**What you are asked to do:** Quote the listing in full, exactly as given, minus any pictures.

**Task inputs:**
╭──

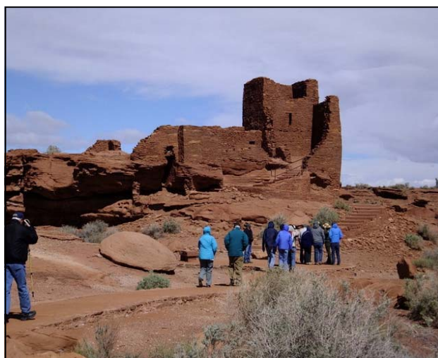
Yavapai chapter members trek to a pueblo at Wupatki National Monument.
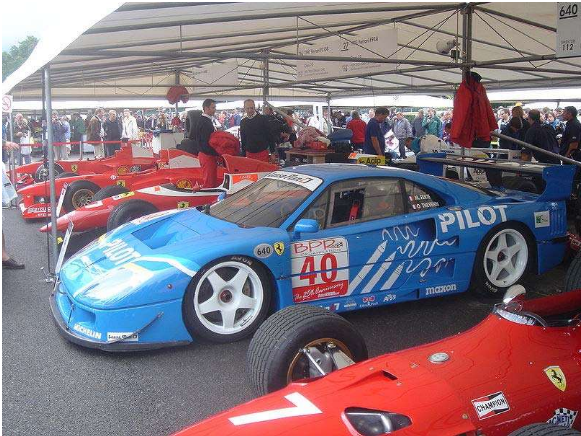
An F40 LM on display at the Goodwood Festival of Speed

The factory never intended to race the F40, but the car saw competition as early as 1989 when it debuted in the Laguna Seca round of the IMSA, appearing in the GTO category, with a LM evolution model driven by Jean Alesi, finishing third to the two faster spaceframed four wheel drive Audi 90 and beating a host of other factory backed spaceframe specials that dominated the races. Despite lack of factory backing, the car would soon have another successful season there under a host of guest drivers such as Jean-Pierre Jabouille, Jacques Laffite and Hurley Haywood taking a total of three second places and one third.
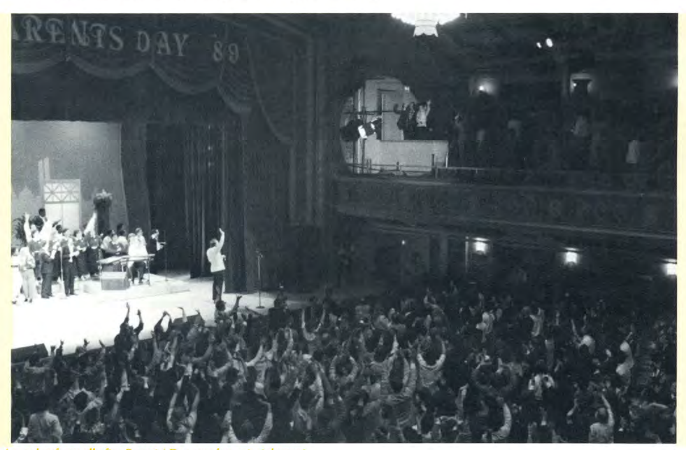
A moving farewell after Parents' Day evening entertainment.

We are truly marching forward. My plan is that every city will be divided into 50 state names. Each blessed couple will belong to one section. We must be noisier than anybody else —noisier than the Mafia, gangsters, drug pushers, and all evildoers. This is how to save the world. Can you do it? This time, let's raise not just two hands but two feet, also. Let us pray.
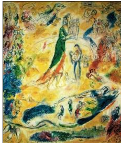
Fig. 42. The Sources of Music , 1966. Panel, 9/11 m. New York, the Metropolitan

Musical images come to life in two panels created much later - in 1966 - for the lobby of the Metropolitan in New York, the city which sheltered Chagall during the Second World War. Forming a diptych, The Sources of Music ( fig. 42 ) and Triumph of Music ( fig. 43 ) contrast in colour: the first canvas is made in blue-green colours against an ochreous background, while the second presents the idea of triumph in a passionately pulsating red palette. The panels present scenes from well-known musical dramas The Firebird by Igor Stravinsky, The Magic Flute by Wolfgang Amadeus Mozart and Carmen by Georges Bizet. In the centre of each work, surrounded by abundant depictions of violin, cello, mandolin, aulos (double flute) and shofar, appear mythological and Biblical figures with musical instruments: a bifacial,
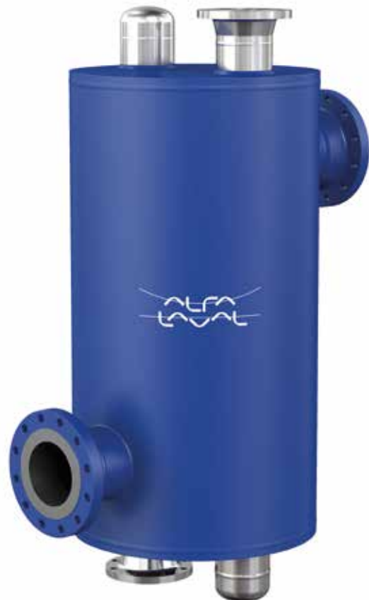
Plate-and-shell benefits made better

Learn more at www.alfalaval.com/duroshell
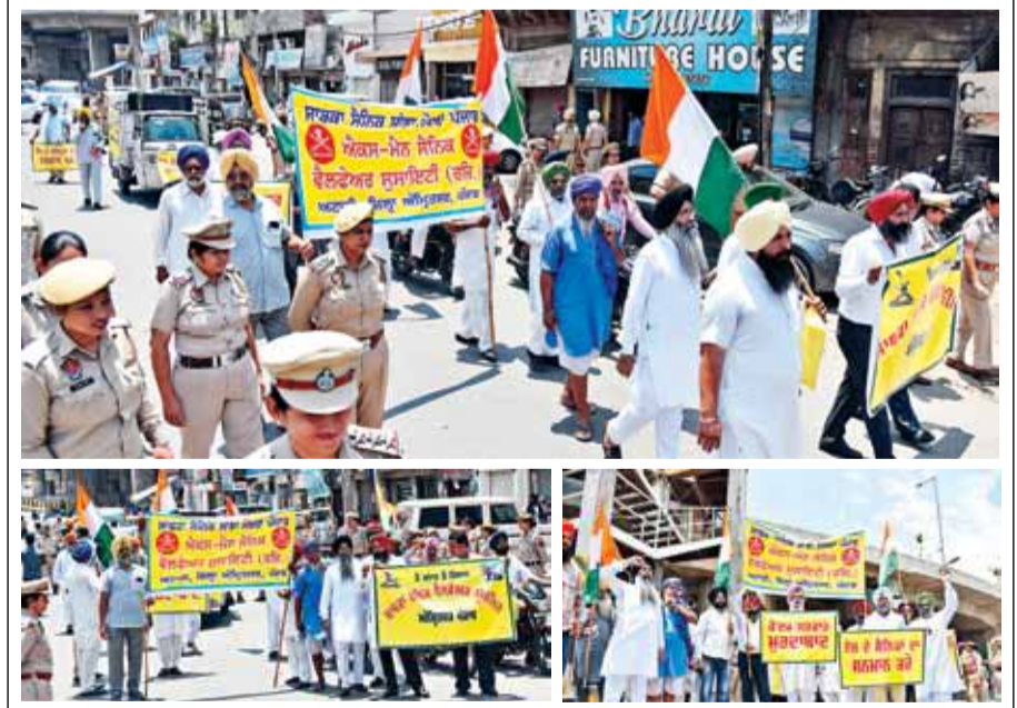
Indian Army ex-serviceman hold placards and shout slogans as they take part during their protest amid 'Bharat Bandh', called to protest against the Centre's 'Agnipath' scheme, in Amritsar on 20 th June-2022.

╰──

**Exercise result:**
Yavapai chapter members trek to a pueblo at Wupatki National Monument.
An F40 LM on display at the Goodwood Festival of Speed

The factory never intended to race the F40, but the car saw competition as early as 1989 when it debuted in the Laguna Seca round of the IMSA, appearing in the GTO category, with a LM evolution model driven by Jean Alesi, finishing third to the two faster spaceframed four wheel drive Audi 90 and beating a host of other factory backed spaceframe specials that dominated the races. Despite lack of factory backing, the car would soon have another successful season there under a host of guest drivers such as Jean-Pierre Jabouille, Jacques Laffite and Hurley Haywood taking a total of three second places and one third.
A moving farewell after Parents' Day evening entertainment.

We are truly marching forward. My plan is that every city will be divided into 50 state names. Each blessed couple will belong to one section. We must be noisier than anybody else —noisier than the Mafia, gangsters, drug pushers, and all evildoers. This is how to save the world. Can you do it? This time, let's raise not just two hands but two feet, also. Let us pray.
Fig. 42. The Sources of Music , 1966. Panel, 9/11 m. New York, the Metropolitan

Musical images come to life in two panels created much later - in 1966 - for the lobby of the Metropolitan in New York, the city which sheltered Chagall during the Second World War. Forming a diptych, The Sources of Music ( fig. 42 ) and Triumph of Music ( fig. 43 ) contrast in colour: the first canvas is made in blue-green colours against an ochreous background, while the second presents the idea of triumph in a passionately pulsating red palette. The panels present scenes from well-known musical dramas The Firebird by Igor Stravinsky, The Magic Flute by Wolfgang Amadeus Mozart and Carmen by Georges Bizet. In the centre of each work, surrounded by abundant depictions of violin, cello, mandolin, aulos (double flute) and shofar, appear mythological and Biblical figures with musical instruments: a bifacial,
Plate-and-shell benefits made better

Learn more at www.alfalaval.com/duroshell
Indian Army ex-serviceman hold placards and shout slogans as they take part during their protest amid 'Bharat Bandh', called to protest against the Centre's 'Agnipath' scheme, in Amritsar on 20 th June-2022.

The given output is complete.